Amira Hashemi, ESG Lead for Property Asset Management, explores the perspective of occupiers and landlords when considering ESG opportunities.
Amira Hashemi May 16, 2024

Compliance and beyond: the starting point

ESG opportunities often begin with risk mitigation, which is delivered through compliance measures and ensures that buildings operate safely and are available for use. However, ESG is much more than risk mitigation now. ESG can be considered as an opportunity to increase leasing velocity, increase rental values and building values, and align with the occupier’s own ESG targets.

The opportunity can further exist to demonstrate the energy performance of the asset, which can be a USP for the asset owner if it’s highly efficient. That can also increase the attractiveness of the assets for occupiers as a highly efficient building, which will also likely have lower energy costs.

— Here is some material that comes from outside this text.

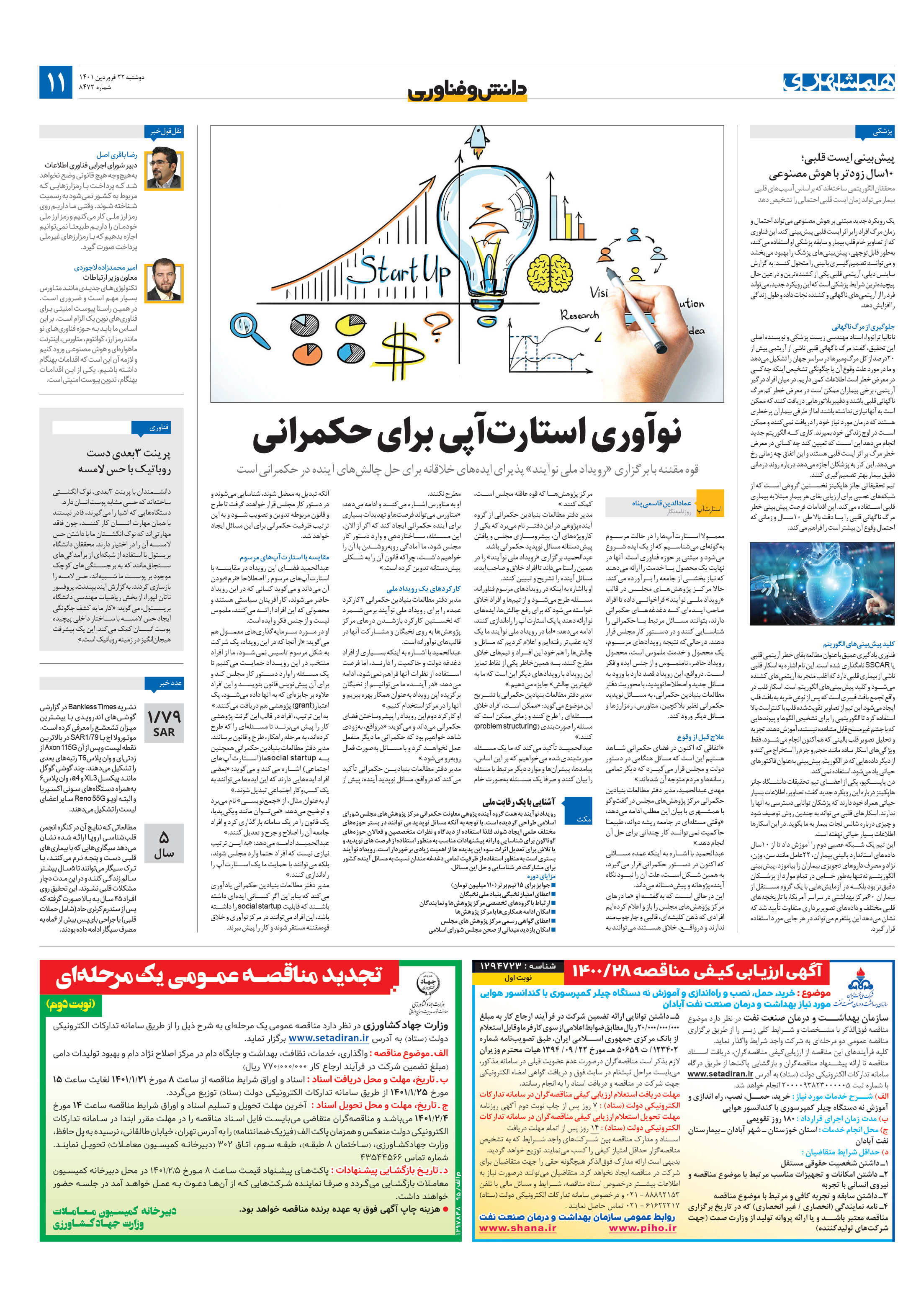 معمولا استارتآپها را در حالت مرسوم بهگونهای میشناسیم که از یک ایده شروع میشود و مبتنی بر حوزه فناوری است. آنها در نهایت یک محصول یا خدمت را ارائه میدهند که نیاز بخشی از جامعه را برآورده میکند. حالا مرکز پژوهشهای مجلس در قالب «رویداد ملی نوآیند» فراخوانی داده تا افراد صاحب ایدهای که دغدغههای حکمرانی دارند، بتوانند مسائل مرتبط با حکمرانی را شناسایی کنند و در دستور کار مجلس قرار دهند.

Understanding energy and utility consumption becomes fundamental to achieving true sustainability, surpassing traditional metrics like the EPC rating. This involves looking at the macro themes and goals, cost certainty, risk management, and integrating ESG factors into property evaluation.

Data-led sustainability

Data is significant not just for compliance reasons but also for holistic sustainability, demonstrating actual performance. Data is an essential pillar for pivoting into various areas related to ESG. The challenge is not just in setting up compliance, safety, and basic building functions but in obtaining a comprehensive data profile that enhances the commercial nature of a property.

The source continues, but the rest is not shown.